# How do I adjust volume independently between Pandora and Uber Navigation?



## Uber's Guber (Oct 22, 2017)

I can’t hear the navigational turn by turn instructions when operating the Pandora app that’s offered on the Uber navigation app. The loudness of the music overpowers the voice commands. I’m using an iPhone 6. Is there a way to adjust the two volumes independently of each other?


----------



## dolllarchaser (Oct 12, 2015)

Under normal circumstances you can't. However, since you are running Pandora through Uber's servers AND have given Uber control over your BT, you might ask Uber at a Hub. I doubt if email support can handle. Just my opinion.


----------



## Snowblind (Apr 14, 2017)

I also run Pandora in my Car, but as a separate App, not through Uber. And I do not have that problem.
Try it.


----------



## WaveRunner1 (Jun 11, 2017)

Why are you using Uber Navigation in the first place? Use Google Maps man.


----------



## NGOwner (Nov 15, 2016)

And why do you have _voice _turn by turn? Can't you just glance at the phone now and again? Do you _have _to have some lady's voice chirping at you while you drive to get where you're going?

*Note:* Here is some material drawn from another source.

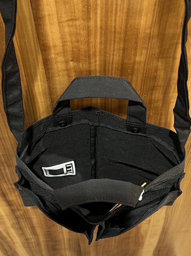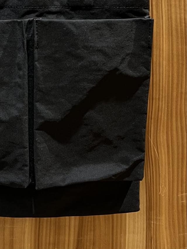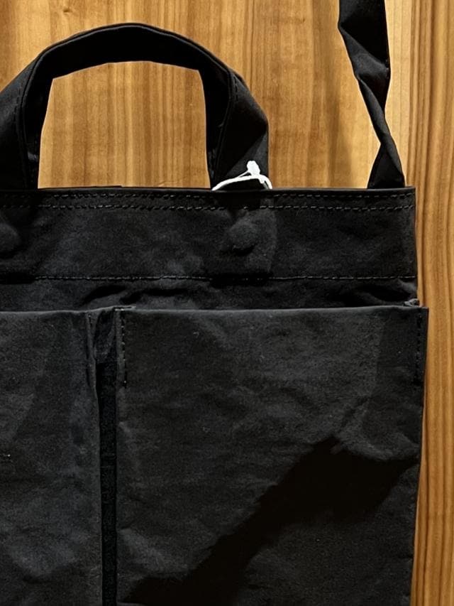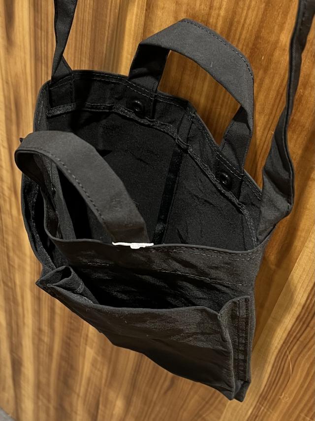 粗い目のキャンバス生地のように自立ながらも超軽量で強靭な塩縮加工ナイロンに強撥水加工を施した素材で、野菜を入れるキャンバス地のバッグ “ベジバッグ”と、ミリタリーの“ヘルメットバッグ”をモチーフにした小さめのバッグです。

That was the first thing I turned off. So annoying.

[NG]Owner


----------



## JimKE (Oct 28, 2016)

I use the free Pandora (not the Uber one) and have light jazz on fairly low volume. With it set that way, I don't actually hear the turn-by-turn but I do hear an _interruption_ in the music -- which prompts me to look at the map.

And I agree with Waverunner1 about Google Maps.


----------



## UberwithStuber (Jan 18, 2017)

The only problem with using Google or Waze maps is that I cant see or hear if I get an additional ping.


----------